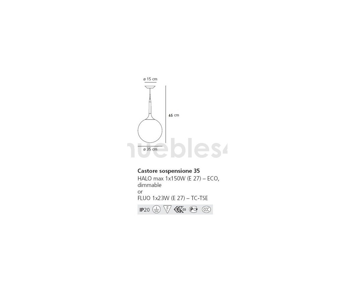 Lámpara fabricada en Italia, inspirada en un diseño de Michele de Lucchi. Fabricada en policarbonato de gran dureza y durabilidad. Existen 3 tamaños. Modelo de bombilla E27. Réplica exacta con materiales originales de máxima calidad.
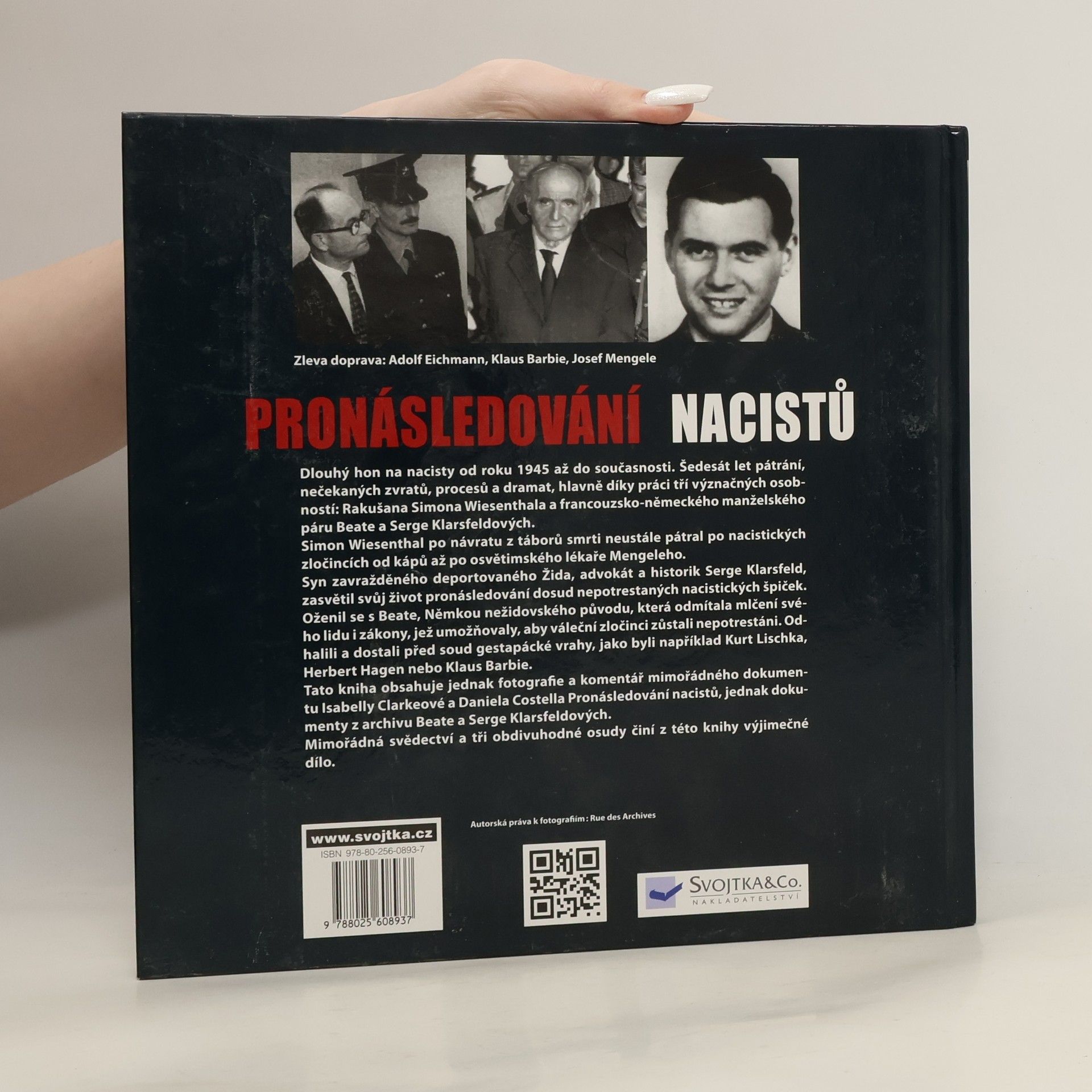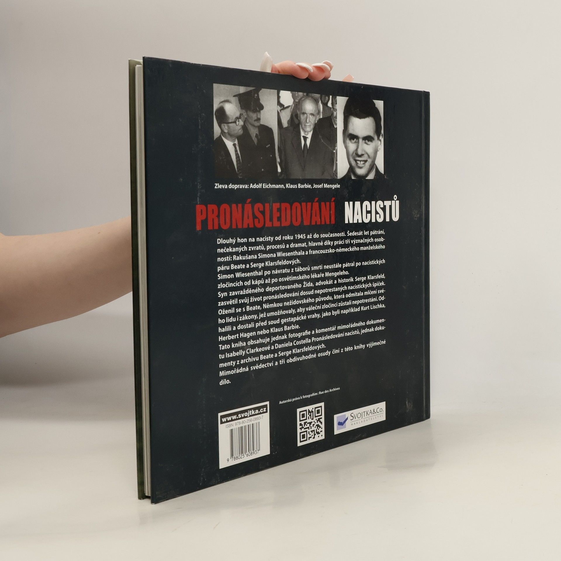 Dlouhý hon na nacisty se datuje od roku 1945 a trvá až do současnosti. Tato kniha líčí více než šedesát let pátrání, nečekaných zvratů, procesů a dramat, které proběhly hlavně díky práci tří význačných osobností: Rakušana Simona Wiesenthala a francouzsko-německého manželského páru Beate a Serge Klarsfeldových. Simon Wiesenthal po návratu z táboru smrti neustále pátral po nacistických zločincích od kápu až po osvětimského lékaře Mengeleho. Syn zavražděného deportovaného Žida, advokát a historik Serge Klarsfeld, zasvětil svůj život pronásledování dosud nepotrestaných nacistických špiček. Oženil se s Beate, Němkou nežidovského původu, která odmítala mlčení svého lidu i zákony, jež umožňovaly, aby váleční zločinci zůstali nepotrestáni. Společně odhalili a dostali před soud gestapácké vrahy, jako byli například Kurt Lischka, Herbert Hagen nebo Klaus Barbie. Tato kniha obsahuje jednak unikátní fotografie a komentář mimořádného filmového dokumentu Isabelly Clarkeové a Daniela Costella Hon na nacisty, jednak dokumenty z archivu Beate a Serge Klarsfeldových. Mimořádná svědectví a tri obdivuhodné osudy činí z této knihy výjimečné dílo.
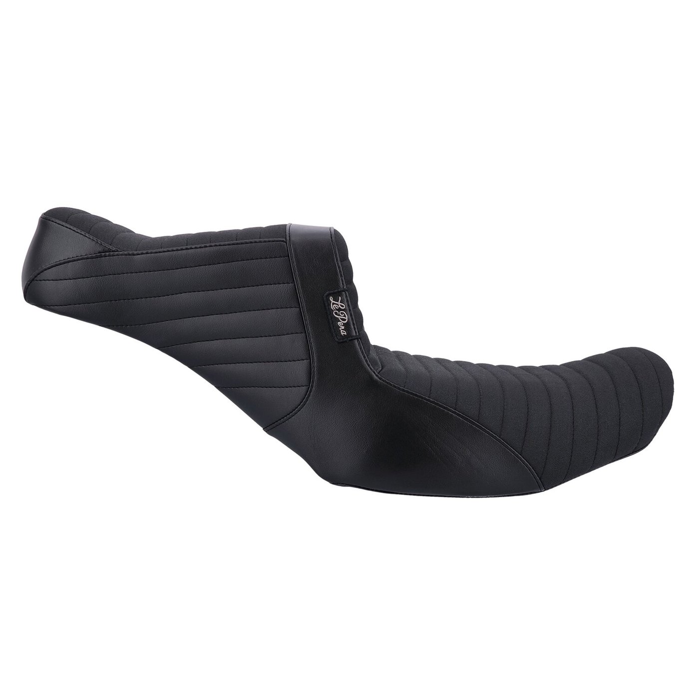 Gripp seating. Rider seat area 12.25″ wide, passenger seat area 7.75″ wide. Pleated stitch upholstery. Built with LePera’s Marathon Foam on a steel base plate for maximum stability and comfort. The whipped tail improves passenger lower back support. That, combined with the unrivaled high arching back support for the rider makes this a serious in contender when it comes to a mix of style and comfort. Note: This seat comes with Gripp Seating. A ‘Gripp Tape’ style upholstery used to help prevent you from sliding on the seat when torque and horsepower kick in. It provides additional grip but still allows you to reposition yourself on long trips.

▶ **WHAT NEEDS TO BE DONE**: Set the whole listing down again unchanged, apart from the pictures, which are omitted.

▶ **EXERCISE OUTPUT**:
 Lámpara fabricada en Italia, inspirada en un diseño de Michele de Lucchi. Fabricada en policarbonato de gran dureza y durabilidad. Existen 3 tamaños. Modelo de bombilla E27. Réplica exacta con materiales originales de máxima calidad.
 Dlouhý hon na nacisty se datuje od roku 1945 a trvá až do současnosti. Tato kniha líčí více než šedesát let pátrání, nečekaných zvratů, procesů a dramat, které proběhly hlavně díky práci tří význačných osobností: Rakušana Simona Wiesenthala a francouzsko-německého manželského páru Beate a Serge Klarsfeldových. Simon Wiesenthal po návratu z táboru smrti neustále pátral po nacistických zločincích od kápu až po osvětimského lékaře Mengeleho. Syn zavražděného deportovaného Žida, advokát a historik Serge Klarsfeld, zasvětil svůj život pronásledování dosud nepotrestaných nacistických špiček. Oženil se s Beate, Němkou nežidovského původu, která odmítala mlčení svého lidu i zákony, jež umožňovaly, aby váleční zločinci zůstali nepotrestáni. Společně odhalili a dostali před soud gestapácké vrahy, jako byli například Kurt Lischka, Herbert Hagen nebo Klaus Barbie. Tato kniha obsahuje jednak unikátní fotografie a komentář mimořádného filmového dokumentu Isabelly Clarkeové a Daniela Costella Hon na nacisty, jednak dokumenty z archivu Beate a Serge Klarsfeldových. Mimořádná svědectví a tri obdivuhodné osudy činí z této knihy výjimečné dílo.
 Gripp seating. Rider seat area 12.25″ wide, passenger seat area 7.75″ wide. Pleated stitch upholstery. Built with LePera’s Marathon Foam on a steel base plate for maximum stability and comfort. The whipped tail improves passenger lower back support. That, combined with the unrivaled high arching back support for the rider makes this a serious in contender when it comes to a mix of style and comfort. Note: This seat comes with Gripp Seating. A ‘Gripp Tape’ style upholstery used to help prevent you from sliding on the seat when torque and horsepower kick in. It provides additional grip but still allows you to reposition yourself on long trips.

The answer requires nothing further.